Direction is often a challenge. There are so many paths to take with coding. I recall Ann Jackson speaking about having “T-shaped skills” where you can have a particular strength, e.g. Data visualisation, and then add a skill to broaden into a new area or improve efficiency, which is where coding comes in.
For example, I can reduce my time spent analysing data by running my dataset through a Python package called “ydata-profiling” to return an overview report of the data I’m working with.
In the example below I take a dataset of Call of Duty Players and generate a html report providing exploratory data analysis. I especially like the correlation plots at the end of the report.
Or I could use code to build a dataset for me. I was having issues with my home broadband speeds and wanted to check if it was a one-off or an issue I needed fixing. So I coded up a script in R using the package “speedtest” that would check my broadband speed and write it to a file.
I then set the script to run every hour on my PC using Windows Task Scheduler and visualised the results in Tableau. This is a nice double win for the portfolio too, as you can talk about the code and the visualisation to illustrate a range of skills in one go.
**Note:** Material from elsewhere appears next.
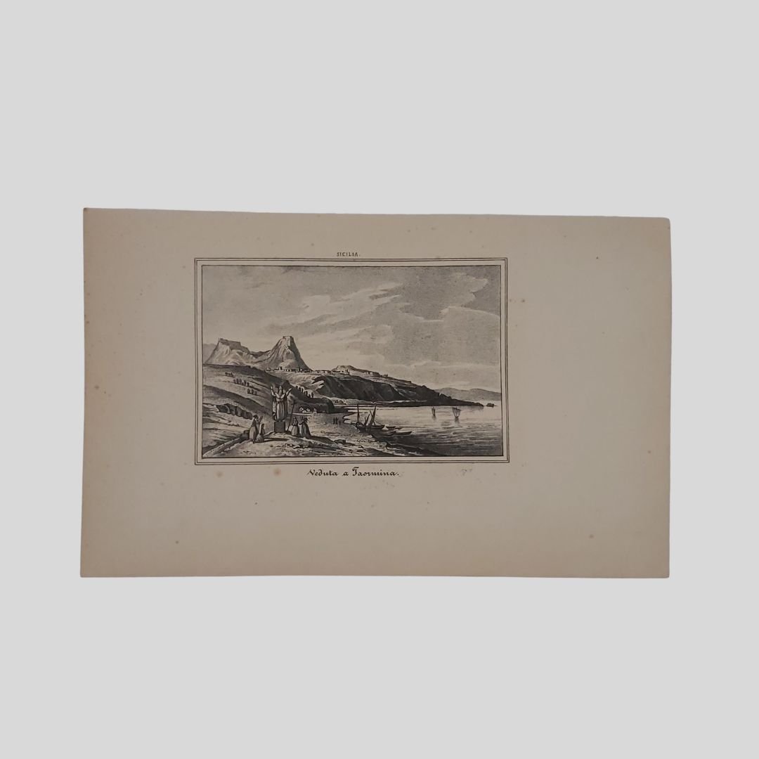 Litografia, 1852, cm 25,3×15,7 (tavola). Lievi fioriture. Tratta da: Cesare Malpica, Panorama dell’universo, Napoli, Stab. dell’Ateneo 1852. Cesare Malpica. Prima avvocato poi insegnante infine giornalista, deve la sua fortuna letteraria – sebbene non univocamente giudicata dalla critica – proprio al reportage. Per lo più concentrate tra gli anni Quaranta e Cinquanta dell’Ottocento, escono le sue impressioni di viaggiatore dedicate a Venti giorni a Roma, Un mese negli Abruzzi: impressioni, ma anche Dal Sebeto al Faro: impressioni di un viaggio nelle Calabrie, e ancora Toscana, Umbria e Magna Grecia per arrivare, nel 1847, a una monografia dedicata alla Basilicata.

CJ: Could coding help with the visual elements with Tableau?
If you’re familiar with polygons or lines in Tableau they allow you to draw shapes by giving x, y coordinates and a path. Knowing this you can code up a script to generate these points for you which is what I did in 2021 with my Snowflake viz.
The script itself draws lines of random length and angles to create snowflake shapes, which I’ve then distributed in Tableau.
In 2022 I wanted to distribute the snowflakes in a more random arrangement. I found the packed circles layout to be just what I wanted if I could replace the circles with snowflakes. After some work, I was able to hack the co-ordinates out of the packedbubbles library in R and distribute my snowflakes in Tableau
CJ: What I enjoy about Tableau Public is that each piece of work goes to creating your own portfolio which is valuable when showcasing your skills. How would you demonstrate your coding skills?
Github! It’s another tool to learn but very useful for displaying your work and collaborating with others. GitHub is a document technology that will monitor a file folder, called a “repo”, for any changes, allowing you to push changes to files in a centralised location, or roll back any modifications. This way teams can be sure they’re working with the latest version of a file or script.
For the portfolio side, GitHub displays a readme which is a webpage-style document that shows up when someone accesses the code “repo”. Typically you can use the readme to explain the code, introduce it to a new user, giving an overview of some of the functions. You can use this for more than just project write-ups however, think about blog posts, challenge solutions, we even used it to start hosting the #GamesNightViz community project.
A profile readme is a great landing page to show off your work and projects, for example on my page I’ve used images to highlight certain projects I’ve written up so it has a similar effect to clicking a viz for Tableau Public.
Lastly, GitHub lets you host a website via GitHub pages if you want to branch into web development or would like a more customisable portfolio space. Mine needs a bit of update but this website was developed using R Markdown and Jekyll. Jekyll handles the themes and the blog functionality, Markdown is code that formats the documents, it takes a bit of learning but it’s free to host the site and there are some great examples available to start working from.
I have to admit I too am a huge fan of Github and we recently copied/stole the idea from Will to move our SportsVizSunday initiative to Github but it allows us to add code, add datasets and have essentially a one stop shop for all things data and tools. Truth be told it also saves us a whole bunch on memory and cost by not having to host it on the website.
I want to thank Will for making time in his busy schedule to share some of his journey and tool stack that he has adapted over the years to be able to help people see and understand data.